* **Directions for this task**
The whole listing should come back exactly as written, except for the pictures.
★ ★ ★ ★ ★
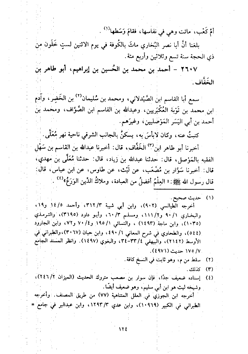 2607 - أَحْمَد بْن مُحَمَّد بْن الحسين بْن إِبْرَاهِيم أَبُو طاهر بْن الخفاف سمع أبا القاسم ابْن الصيدلاني، ومحمد بْن سليمان بن الخضر، وآدم بْن مُحَمَّد بْن توبة العكبريين، وعبد اللَّه بْن القاسم ابن الصواف، ومحمد بْن أَحْمَد بْن أَبِي اليسر الموصليين، وغيرهم.
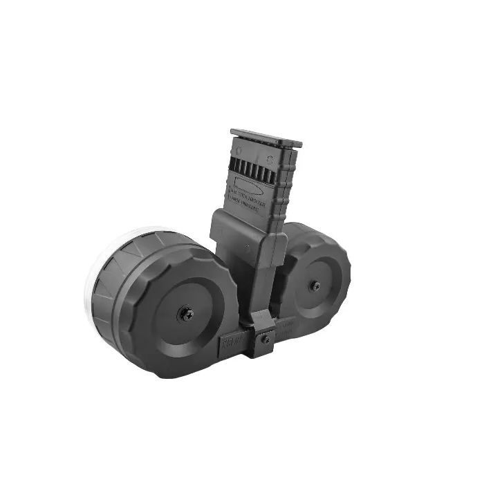 Introducing a robust and reliable drum magazine designed for serious shooting enthusiasts—this high-capacity magazine holds an impressive 100 rounds of 5.56mm ammunition. Built for durability and performance, its sleek black finish offers a tactical look while ensuring long-lasting use. The magazine's design facilitates smooth loading and feeding, making it an essential addition for those who value efficiency and reliability in high-pressure situations. Whether you're at the range or in competitive shooting environments, this drum magazine delivers unmatched capacity and functionality for your 5.56mm firearms.
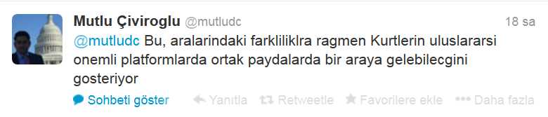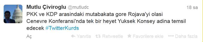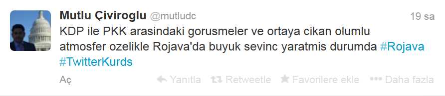"KDP (Kürdistan Demokat Partiyası) ilə PKK arasındakı müzakirələr və ortaya çıxan müsbət atmosfer xüsusilə Rojavada böyük sevincə səbəb olub. PKK və KDP arasındakı razılığa görə Rojavanı Cenevrə Konfransında Yüksək Şura adına təkcə bir heyət təmsil edəcək. Bu aradakı fərqli düşüncələrə rəğmən, kürdlərin birlik şəklində beynəlxalq arenada görüşəcəklərini göstərir.
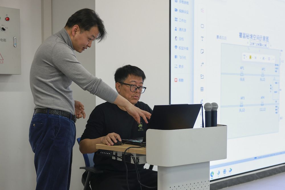 郑康乐在与技术专家讨论VR项目的实施细节。
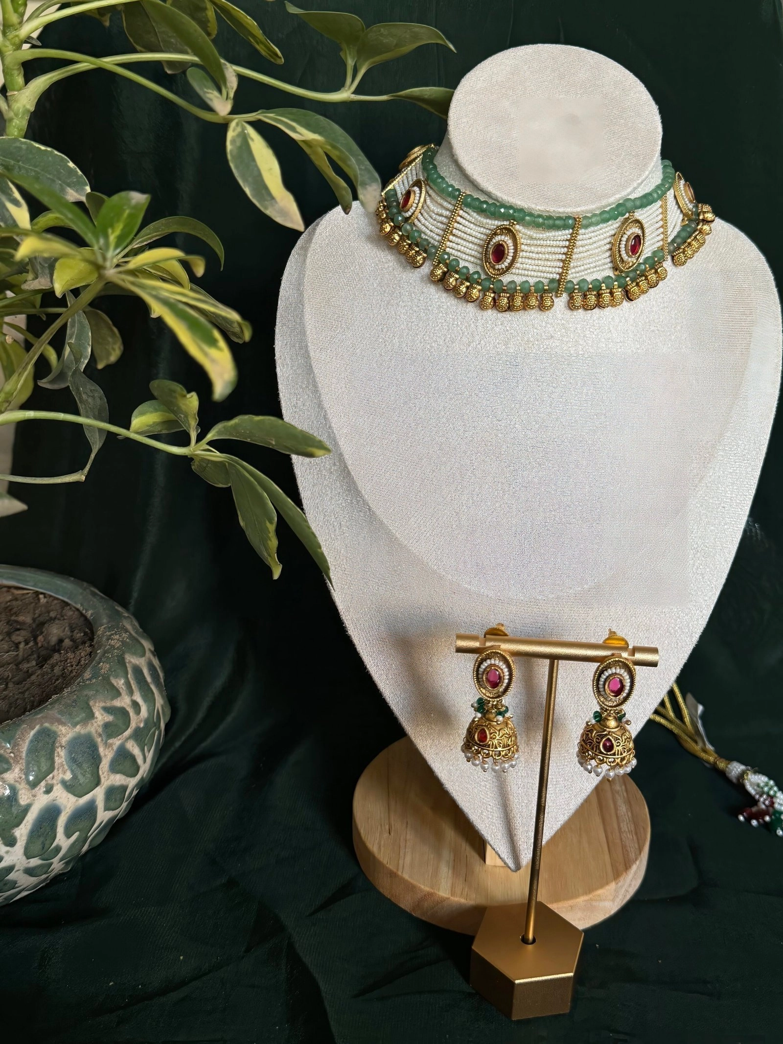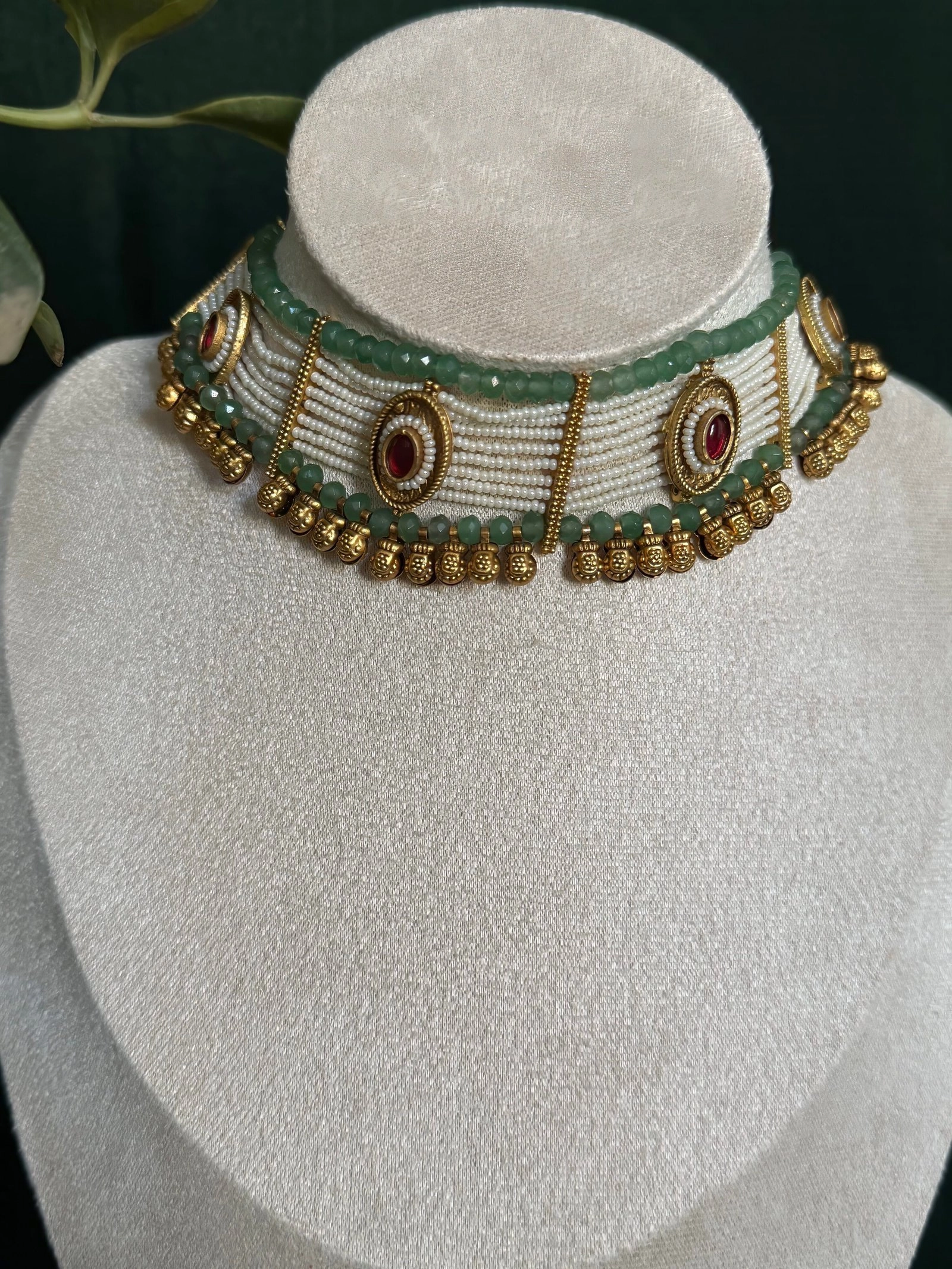 Immerse yourself in the elegance of traditional craftsmanship with this mesmerizing jewelry set. The choker is meticulously designed with multiple rows of lustrous pearls interwoven with vibrant green beads, symbolizing grace and prosperity. Gold-plated accents and intricate motifs highlight the opulence of the piece, while the striking red oval stones add a pop of vibrant color, making this set a true masterpiece.
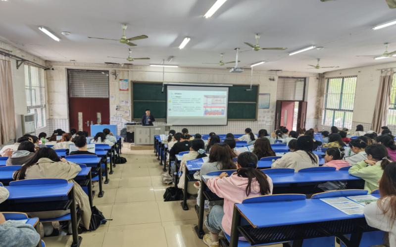 宣讲会上,贾敏老师和全体参会学生首先对王晶教授的莅临表示热烈欢迎,同时简要介绍了本次宣讲会的目的和流程。活动现场,王晶教授就河南科技学院教育科学学院的研究生招生专业设置、报考流程、培养模式及毕业生发展前景等方面作了全面、详细且实用的讲解。他特别强调了涵盖全国统考科目、业务课以及复试等考研科目所对应的参考书目,为有考研意向的学子提供备考书籍方面的指导。王晶教授讲解通俗易懂、条理清晰,深受参会师生好评。
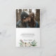 Front features a frame ofwinter flowers poinsettia and berries in watercolor tones, with a custom message in grey calligraphy lettering (shown with "thank you") and your name(s) on a white background.
★ ★ ★ ★ ★
* **Solution for this task**
 2607 - أَحْمَد بْن مُحَمَّد بْن الحسين بْن إِبْرَاهِيم أَبُو طاهر بْن الخفاف سمع أبا القاسم ابْن الصيدلاني، ومحمد بْن سليمان بن الخضر، وآدم بْن مُحَمَّد بْن توبة العكبريين، وعبد اللَّه بْن القاسم ابن الصواف، ومحمد بْن أَحْمَد بْن أَبِي اليسر الموصليين، وغيرهم.
 Introducing a robust and reliable drum magazine designed for serious shooting enthusiasts—this high-capacity magazine holds an impressive 100 rounds of 5.56mm ammunition. Built for durability and performance, its sleek black finish offers a tactical look while ensuring long-lasting use. The magazine's design facilitates smooth loading and feeding, making it an essential addition for those who value efficiency and reliability in high-pressure situations. Whether you're at the range or in competitive shooting environments, this drum magazine delivers unmatched capacity and functionality for your 5.56mm firearms.
"KDP (Kürdistan Demokat Partiyası) ilə PKK arasındakı müzakirələr və ortaya çıxan müsbət atmosfer xüsusilə Rojavada böyük sevincə səbəb olub. PKK və KDP arasındakı razılığa görə Rojavanı Cenevrə Konfransında Yüksək Şura adına təkcə bir heyət təmsil edəcək. Bu aradakı fərqli düşüncələrə rəğmən, kürdlərin birlik şəklində beynəlxalq arenada görüşəcəklərini göstərir.
 郑康乐在与技术专家讨论VR项目的实施细节。
 Immerse yourself in the elegance of traditional craftsmanship with this mesmerizing jewelry set. The choker is meticulously designed with multiple rows of lustrous pearls interwoven with vibrant green beads, symbolizing grace and prosperity. Gold-plated accents and intricate motifs highlight the opulence of the piece, while the striking red oval stones add a pop of vibrant color, making this set a true masterpiece.
 宣讲会上,贾敏老师和全体参会学生首先对王晶教授的莅临表示热烈欢迎,同时简要介绍了本次宣讲会的目的和流程。活动现场,王晶教授就河南科技学院教育科学学院的研究生招生专业设置、报考流程、培养模式及毕业生发展前景等方面作了全面、详细且实用的讲解。他特别强调了涵盖全国统考科目、业务课以及复试等考研科目所对应的参考书目,为有考研意向的学子提供备考书籍方面的指导。王晶教授讲解通俗易懂、条理清晰,深受参会师生好评。
 Front features a frame ofwinter flowers poinsettia and berries in watercolor tones, with a custom message in grey calligraphy lettering (shown with "thank you") and your name(s) on a white background.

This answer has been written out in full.